Teniamo a precisare che a questo punto il discorso ideologico non
deve essere viziato dalle premesse marxiste da cui emerge questo
lemma nella critica letteraria di sinistra. A noi sembra necessario
spostate l'asse di questo termine dalle valenze epistemologiche
hegeliane da cui emerge (A Dictionary of Marxist Thought, pp. 219-23),
e riportarlo alla conoscenza soggettiva dell'autore e cioè ad una
conoscenza della società da lui presa in esame; quindi il mondo agrario.
Questo è l'"abito mentale" del Verga e volerlo diverso è forzare
l'argomento; le categorie del pensiero dell'autore fanno parte di una
società preesistente, e questa società vive ancora in una struttura feudale
e gerarchica che è quella di un mondo preindustriale legato a
un'economia di scambio basata sul valore assoluto della terra. Infatti nei
Malavoglia il denaro è un mezzo e non un fine; il fine è la terra, la
casa.
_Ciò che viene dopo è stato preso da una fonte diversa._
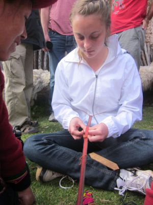 Peru is famous for its fine textiles. We visited the Andean Weaving Center, a workshop where women use looms to produce mantas (blankets used to transport anything from babies to corn on one’s back), table runners and clothing. We learned from our host, Rene Huaman Callanaupa, that these traditional weaving techniques were almost lost during the colonial period as Andeans were forced to work in the mines and haciendas (estate farms) for their Spanish masters. In the last several decades arts like these have been revived by the influx of tourism. The techniques are labor intensive — it takes several weeks to make a table-runner — and foreign tourists have sufficient income and interest in these pieces to support the artisans through their purchases.

Questo dovrebbe anche mettere in evidenza la differenza di fondo
fra il naturalismo zollano ed il verismo verghiano: l'ottica del primo
filtra il passalo con le lenti del presente, ma le punta verso il futuro
perché il decollo industriale è già avvenuto (Germinale); l'ottica
verghiana invece filtra il presente con le lenti del passato (del mondo
agrario). Secondo noi questa è una differenza sostanziale, in quello il
Verga rimarrà invischiato nel rapporto soggettivo dello scrittore con
l'oggettività dell'opera, che in ultima istanza è ciò che la critica
marxista non può conciliare; e ciò si deve al fatto che il Verga non
segue l'ideologia di classe cui i marxisti fanno riferimento.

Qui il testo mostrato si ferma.